The Second Amendment Right to Bear Arms
By Robert Phillips, Deputy District Attorney (Ret).
Ruling: State statutes restricting a law-abiding adult citizens’ right to keep and bear arms by requiring a showing of “proper cause” violate the Second and Fourteenth Amendments, U.S. Supreme Court decision says.
Discussion: I periodically get asked why I haven’t briefed the U.S. Supreme Court’s latest pronouncement supporting the right to carry a concealed firearm under the Second Amendment; i.e., New York State Rifle & Pistol Association v.
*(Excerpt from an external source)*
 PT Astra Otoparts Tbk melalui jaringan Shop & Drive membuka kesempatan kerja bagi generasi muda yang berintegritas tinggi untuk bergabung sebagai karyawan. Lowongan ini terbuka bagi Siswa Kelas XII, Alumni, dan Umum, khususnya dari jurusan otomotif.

Bruen (June 23, 2022) __ U.S. __ [142 S.Ct. 2111; 213 L.Ed.2nd 387].
The simple answer is (1) this new case has nothing to do with search and seizure law upon which I concentrate, and (2) the decision is long (some 70 pages) and complicated, defying any mortal human being’s ability to fully comprehend.
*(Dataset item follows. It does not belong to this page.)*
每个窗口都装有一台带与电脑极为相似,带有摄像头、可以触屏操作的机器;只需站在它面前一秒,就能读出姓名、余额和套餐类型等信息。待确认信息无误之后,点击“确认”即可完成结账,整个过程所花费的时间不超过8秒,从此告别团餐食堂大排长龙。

But because I’ve received a number of requests to make the attempt, and because Bruen is likely to have a profound effect on California’s restrictive firearms laws, I have relented and agreed to at least compromise, writing this Editorial/Admin Note.
The Ruling
Bruen is a 6-3 decision authored by Justice Clarence Thomas, overturning a decision out of New York (see N.Y. State Rifle & Pistol Association v. Beach (2nd Cir. N.Y. Aug. 16, 2020) 818 Fed. Appx. 99.). In Bruen, the Supreme Court ruled that the petitioners (“two ordinary, law-abiding, adult citizens”) were unlawfully denied their right to “bear” arms – violating their Second (“keep and bear arms”) and Fourteenth (“due process”) Amendment rights – when they were told that they didn’t qualify for a permit to carry firearms (whether concealed or exposed) outside the home.
In their respective petitions, the two New York residents alleged only that they wished to carry firearms for general self-protection, failing to note any specific threats to their well-being. New York determined that this was not enough, denying their petitions. The U.S. Supreme Court disagreed.
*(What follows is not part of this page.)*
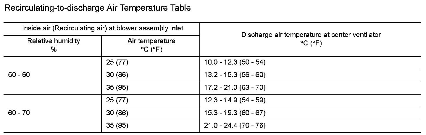 Recirculating-to-discharge Air Temperature Table
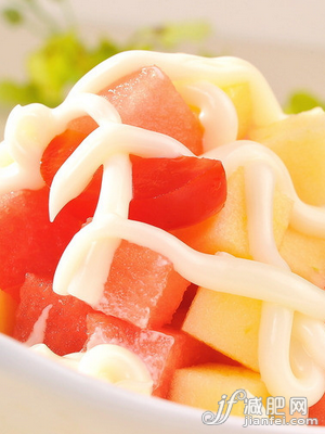 做法:哈密瓜、西瓜、苹果、菠萝、香蕉切丁入盘,把蜂蜜和蛋黄酱搅拌后倒入盘中。加入适量沙拉酱后和水果一起拌匀。樱桃放入加以点缀,最后加入草毒汁即可。

In his written decision, Justice Thomas notes that only six states (which include New York and California; see Cal. Penal Code § 26150) and the District of Columbia have what are referred to as “may issue” licensing laws, under which authorities have the discretion to deny concealed-carry licenses even when the applicant has satisfied that jurisdiction’s statutory “law-abiding, adult citizen” criteria. (In California, a sheriff “may issue” a CCW permit only if the applicant shows “good cause” for the issuance of the license. See subdivision (a)(2) of section 26150.)
In New York, an individual who wants to carry a firearm outside his home (whether concealed or openly exposed) may obtain an unrestricted license to “have and carry” a concealed “pistol or revolver” if, and only if, he can prove that “proper cause exists” for doing so. New York’s issuing authority has an amazing amount of discretion in deciding whether “proper cause” exists, commonly denying gun owners’ petitions.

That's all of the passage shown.